Тяжелый труд покупать в ближайшем киоске бутылку взял на себя, конечно, материалист. Он долго приценивался, принюхивался, искал на бутылке какие-то потаенные, ему одному понятные знаки. Но, наконец, выбрал. И именно “Метиловку”.
– А точно из метилового спирта? – спросил он у продавца. – Не отравимся?
– Да точно, – сказал продавец. – Сам разливал. А насчет отравления, это уже ваше личное дело. Но стопроцентную смертность наша фирма не гарантирует. Бывают и сбои.
– Ну, ничего толком при тирании сделать не могут! – возмутился Межеумович, бутылку, однако, взял.
Мы расположились тут же неподалеку, возле заборчика, в пыльной траве.

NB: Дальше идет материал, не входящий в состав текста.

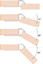 Permite su instalación en esquinas de ángulos comprendidos entre 0º y 45º.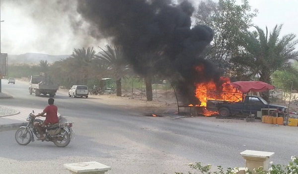 احترقت إحدی سيارات بيع الوقود في السوق السوداء الواقعة على مدخل مدينة شبام التاريخية بحضرموت مساء السبت.

Первым апробацию провел сам материалист. Лихо свернув головку бутылке, он опрокинул ее себе в горло, побулькал некоторое время, потом отстранился от емкости на длину вытянутой руки, рассмотрел жидкость на солнце и сказал:
– Тридцать восемь с четвертью градусов. Вот обманывают потребителя!

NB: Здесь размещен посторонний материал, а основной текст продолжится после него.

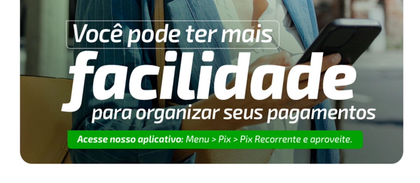 É uma nova solução desenvolvida para facilitar o dia a dia dos associados, pois permite customização de pagamentos Pix recorrentes. Com ela, é possível cadastrar Pix mensais de forma simples e garantir que os pagamentos sejam efetuados na data escolhida, sem atrasos.

Утершись рукавом варварского костюма, он передал “Метиловку” мне. Ну, я и хлебнул от души, а занюхивать-то было нечем! Пока я лупал выпученными глазами и пытался то ли вздохнуть, то ли выдохнуть, Сократ продолжил, а Каллипига завершила первый курс розыгрыша первенства по выживанию. Сократ лениво приложился лицом к поле помятого гиматия. Каллипиге-то было проще: она закусывала драхмой. А может, и раскусить ее опять пыталась.
После некоторой внутренней борьбы мой организм одержал верх над всеми проблемами, и мне заметно полегчало. Сократ и Межеумович, видать, готовились к серьезному разговору. Я уже понял, что они сейчас начнут меня восхвалять за мою несусветную глупость. И тогда я решил, что еще не все потеряно. Вот сейчас прикончим бутылку, и я пойду бить морду славному Агатию! И все станет хорошо и еще гораздо лучше.

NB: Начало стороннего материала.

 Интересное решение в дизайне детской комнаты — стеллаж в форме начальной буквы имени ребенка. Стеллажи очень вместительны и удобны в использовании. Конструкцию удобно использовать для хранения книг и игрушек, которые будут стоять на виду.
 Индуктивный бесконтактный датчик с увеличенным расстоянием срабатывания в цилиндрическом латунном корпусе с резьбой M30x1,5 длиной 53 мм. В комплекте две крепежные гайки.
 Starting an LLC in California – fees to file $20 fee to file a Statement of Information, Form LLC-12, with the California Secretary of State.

– Вот что, справедливейший Межеумович, меня в твоих утверждениях изумляет, – сказал Сократ. – Возможно, впрочем, что говоришь ты верно, да я неверно понимаю.
– Я всегда говорю верно, Сократ. И не ошибся ни разу в жизни!
– И ты утверждаешь, что способен сделать умным всякого, кто пожелает у тебя научиться?
Ясно. Это он меня имел в виду.
– Да, Сократ, – с достоинством ответил Межеумович.
– Но, конечно, так, что в любом случае он приобретет доверие толпы не наставлением, а убеждением?
Нет, это не меня имел в виду Сократ.
– Совершенно верно. – Межеумович начал нервно озираться в поисках бутылки.
– Но “у толпы” – это, конечно, значит у невежд? Потому что у знатоков едва ли он найдет больше доверия.
– И знатоки – толпа, – заявил Межеумович и завладел бутылкой.
– Стало быть, невежда найдет среди невежд больше доверия, чем знаток, ведь партийный функционер, как ты говорил, найдет больше доверия, чем врач. Так выходит или как-нибудь по-иному?
– Выходит так, – кратко ответил Межеумович, принимая внутрь.
– Но и в остальных случаях перед любым другим искусством партиец и партийное искусство пользуются таким же преимуществом? Знать существо дела партийному красноречию нет никакой нужды, надо только отыскать какое-то средство убеждения, чтобы казаться невеждам большим знатоком, чем истинные знатоки.
– Не правда ли, Сократ, какое замечательное удобство, – сказал материалист, отрываясь от горлышка.
Я подумал, что это его заявление относится к простоте и естественности пития из горлышка, но оказывается, он не сбивался на пустяки и имел в виду свое единственно верное учение.
– Из всех искусств изучаешь только это и, однако же, нисколько не уступаешь мастерам любого дела!
И Сократ тут же не уступил в мастерстве пития из бутылки диалектику, а, продемонстрировав свое искусство, без промедления продолжил:
– Уступает ли партийный функционер прочим мастерам, ничему иному не учась, или же не уступает, мы рассмотрим вскоре, если того потребует наше рассуждение. А сперва давай посмотрим вот что… Если человек не знает, что такое добро и зло, прекрасное и безобразное, справедливое и несправедливое, но владеет твоим средством убеждения, то, будучи сам невеждой, он покажется другим невеждам большим знатоком, чем сам знаток? А нет, так ты, учитель диалектического и исторического материализма, ничему из этих вещей новичка, конечно, не научишь – твое ведь дело другое! – но устроишь так, что, ничего такого не зная, толпе он будет казаться знающим, будет казаться добрым, не заключая в себе добра? Или же ты вообще не сможешь выучить его диалектическому и историческому материализму, если он заранее не будет знать истины обо всем этом?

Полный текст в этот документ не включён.